Hint: We draw a diagram for the given situation and use the concept of similar triangles. Prove the two triangles similar using AAA property and equate ratio of sides of two triangles.
* If two triangles are similar to each other, then the ratio of corresponding sides of triangles is the same for three corresponding sides.
* Two triangles are said to be similar if the triangles have congruent corresponding angles.

Step-By-Step answer:
We are given the height of man is 1.8m and length of man’s shadow is 2.7m.
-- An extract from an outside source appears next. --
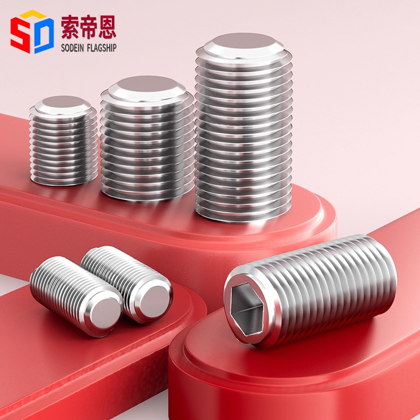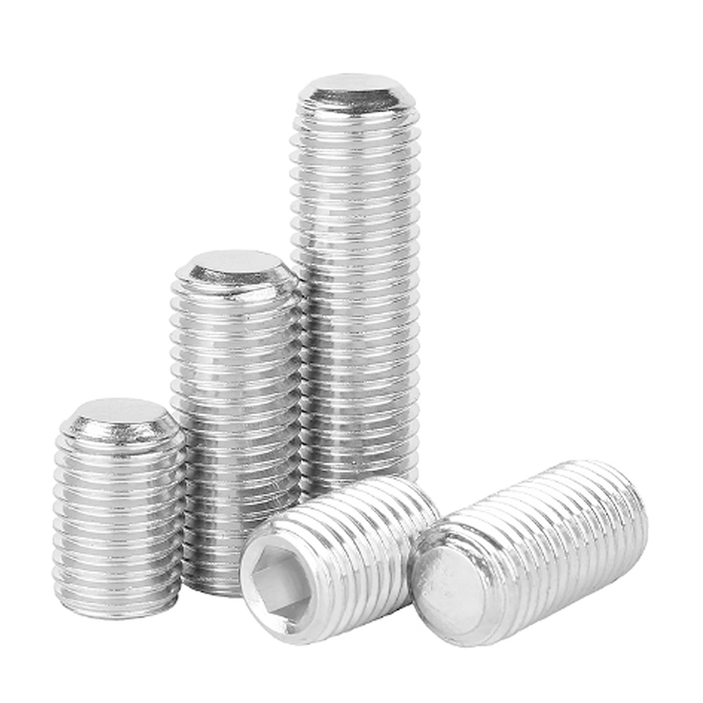 304不锈钢细牙内六角平端紧定螺丝无头平头机米顶丝止付螺钉大全

Also, we are given the length of the shadow of the pyramid is 210m and we have to calculate the height of the pyramid. We draw a diagram depicting the situation.
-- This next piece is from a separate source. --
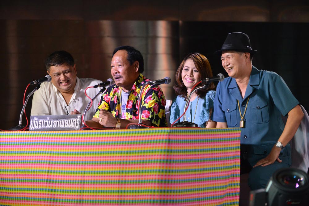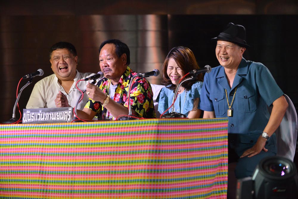 "พี่โต๊ะ พันธมิตร, อาเกรียง-เกรียงศักดิ์ เหรียญทอง, อาติ่ง-สุภาพ ไชยวิสุทธิกุล, พี่ภา-สุรพร ใจรัก" ที่มาโชว์ลีลาพากย์สดสุดสนุกให้กับการแสดงสุดติ่งกระดิ่งไก่ของทีมนักแสดง

Here AB is the height of the pyramid and DE is the height of the man.
\[AB = x,AC = 210,ED = 1.8,EC = 2.7\] … (1)
We have both man and pyramid perpendicular to the ground, so the angles made by man and the pyramid with the ground will be right angles.
In \[\vartriangle ABC,\vartriangle EDC\]
\[\angle BAC = \angle DEC\] (As they both are corresponding angles and are equal i.e. \[{90^ \circ }\])
\[\angle ABC = \angle EDC\](As they both are corresponding angles formed by parallel lines AB and DE cut by transversal AC)
\[\angle C = \angle C\](Common angle)
By Angle Angle Angle (AAA) property we can say triangles\[\vartriangle ABC,\vartriangle EDC\] are similar to each other.
Now using the property of similar triangles, we can write the ratio of corresponding sides of triangles equal.
\[ \Rightarrow \dfrac{{AB}}{{ED}} = \dfrac{{AC}}{{EC}}\]
Substitute the values in the fraction from equation (1)
\[ \Rightarrow \dfrac{x}{{1.8}} = \dfrac{{210}}{{2.7}}\]
Multiply both sides by 1.8
\[ \Rightarrow \dfrac{x}{{1.8}} \times 1.8 = \dfrac{{210}}{{2.7}} \times 1.8\]
Cancel the same factors from numerator and denominator on both sides of the equation.
\[ \Rightarrow x = \dfrac{{210}}{9} \times 6\]
\[ \Rightarrow x = 140\]
\[ \Rightarrow AB = 140\]

\[\therefore \]The height of the pyramid is 140m.

Note: Alternate method:
Since we know both triangles are right triangles, we can apply the formula of trigonometry i.e. tangent of an angle.
We know tangent of an angle is given by dividing perpendicular by base.
In triangle ABC,
\[ \Rightarrow \tan C = \dfrac{{AB}}{{AC}}\]
Similarly in triangle DEC,
\[ \Rightarrow \tan C = \dfrac{{DE}}{{EC}}\]
Since tangent of an angle has finite value, we can equate values from both triangles.
\[ \Rightarrow \dfrac{{AB}}{{AC}} = \dfrac{{DE}}{{EC}}\]
Substitute values of \[AB = x,AC = 210,ED = 1.8,EC = 2.7\]
\[ \Rightarrow \dfrac{x}{{1.8}} = \dfrac{{210}}{{2.7}}\]
Multiply both sides by 1.8
\[ \Rightarrow \dfrac{x}{{1.8}} \times 1.8 = \dfrac{{210}}{{2.7}} \times 1.8\]
Cancel the same factors from the numerator and denominator on both sides of the equation.
\[ \Rightarrow x = \dfrac{{210}}{9} \times 6\]
\[ \Rightarrow x = 140\]
\[ \Rightarrow AB = 140\]
\[\therefore \]The height of the pyramid is 140m.